The difference is D1 misses, and it means that the cache misses that occur in the level 1 data cache. Besides, when the CPU needs to fetch data, it checks the caches in a hierarchical order. The number of D1 misses will impact the number of LL refs (Last-Level Cache references).
There are several factors that can cause cache misses, such as cold cache misses, cache capacity misses, cache thrashing.
### Q3. Massif
**Question**: In your report, please take a screenshot of the output graph (include the following Number of snapshots and Detailed snapshots array). At peak, point out how many bytes of heap are malloc in the .c file, and how many total bytes are used by the heap.

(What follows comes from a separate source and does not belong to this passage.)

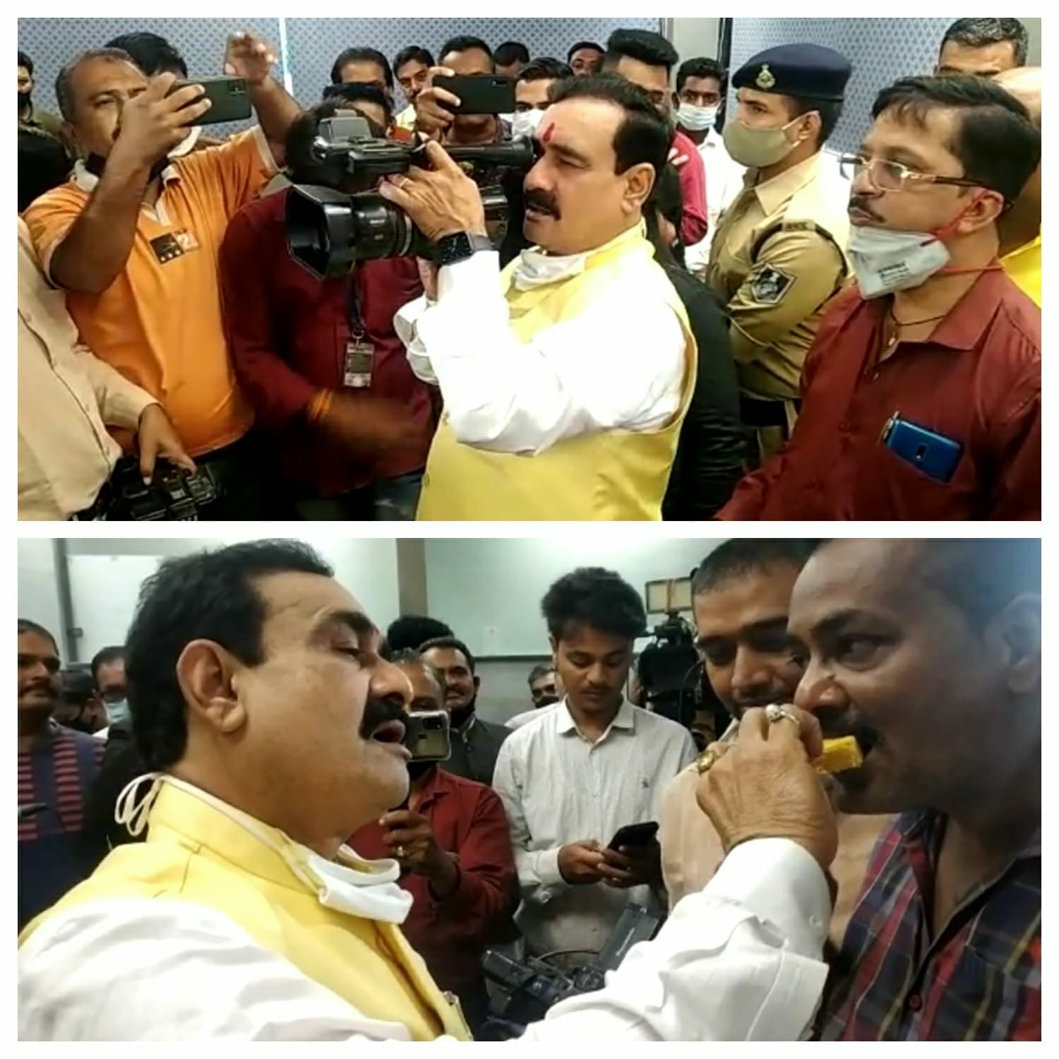 भोपाल, डेस्क रिपोर्ट। 19 अगस्त को वर्ल्ड फोटोग्राफी डे (World Photography Day) मनाया जाता है। इस अवसर पर मध्य प्रदेश के गृह मंत्री डॉ नरोत्तम मिश्र ने कहा कि मेरा हमेशा से मानना है कि किसी भी परिस्थिति में खबर बनाने में रिपोर्टर या एंकर के साथ फोटोग्राफर बराबर परिश्रम करता है। लेकिन खबर की सराहना के वक्त अक्सर रिपोर्टर का नाम ही लिया जाता है। फोटोग्राफर हमेशा पर्दे के पीछे रहता है और उन्हें उचित सम्मान नहीं मिल पाता। इस मौके पर नरोत्तम मिश्रा ने खुद कैमरा थामकर फोटोग्राफर और कैमरामेन का काम समझने की कोशिश भी की। इसी के साथ उन्होने खुद अपने हाथों से उपस्थित कैमरामैन को मिठाई खिलाकर उनका अभिवादन किया।

At peak, **3344 KB** of heap are malloc in the heap.c and **4867 KB** are used by the heap.
### Q4. Callgrind
**Question1** [10%]: By kcachegrind GUI, please find out the bottleneck function first. Screenshot the call graph of this function that contains its lower layer, then indicate which function is the most expensive and which function is called the most times in the call graph.
```
The bottleneck function is run_bfs().
```
```
verify_bfs_tree() is the most expensive.
```
```
compute_levels() is called the most times.
```

**Question2** [10%]: Point out which function has been called the most times in whole program, and who is its caller ? (you can directly screenshot the call graph or answer directly)
```
mod_mac() has been called the most times and mod_mac_y() is the caller
```

### Q5. Pytorch profiler
**Question1**: Please, take a screenshot of the analysis result(Must contain username and machinename as shown in the first line of picture above), and find out the top three in the self cpu columns, and point out what operations those are (Not only the name of the row, but also what operation it really is.)

1. **model_inference**: Model inference refers to the process of using a trained machine learning model to make predictions or generate outputs based on input data. It is the step where the model takes in the input and produces the desired output, such as loading the model, preprocessing the input, calculating predictions.
2. **aten::addmm**: An operation in PyTorch that performs matrix multiplication and addition, such as matrix multiplication, addition, output.
3. **cudaLaunchKernel**: The parallel computing platform and API provided by NVIDIA, used for launching a CUDA kernel on the GPU. A CUDA kernel is a function that runs in parallel on multiple threads of the GPU, allowing for efficient execution of computations.
**Question2**: Output .json file and analyze in Chrome trace viewer. Take a screenshot of your entire chrome screen and point out what actions the two colors that appear the most are, except for model label(e.g. model_inference in tutorials).
1. **aten::linear** : a function that performs a linear transformation on an input tensor, such as matrix multiplication, bias addition, output.
2. **aten::einsum** : a function that performs tensor contraction using Einstein summation notation, such as equation string, input tensors, contraction.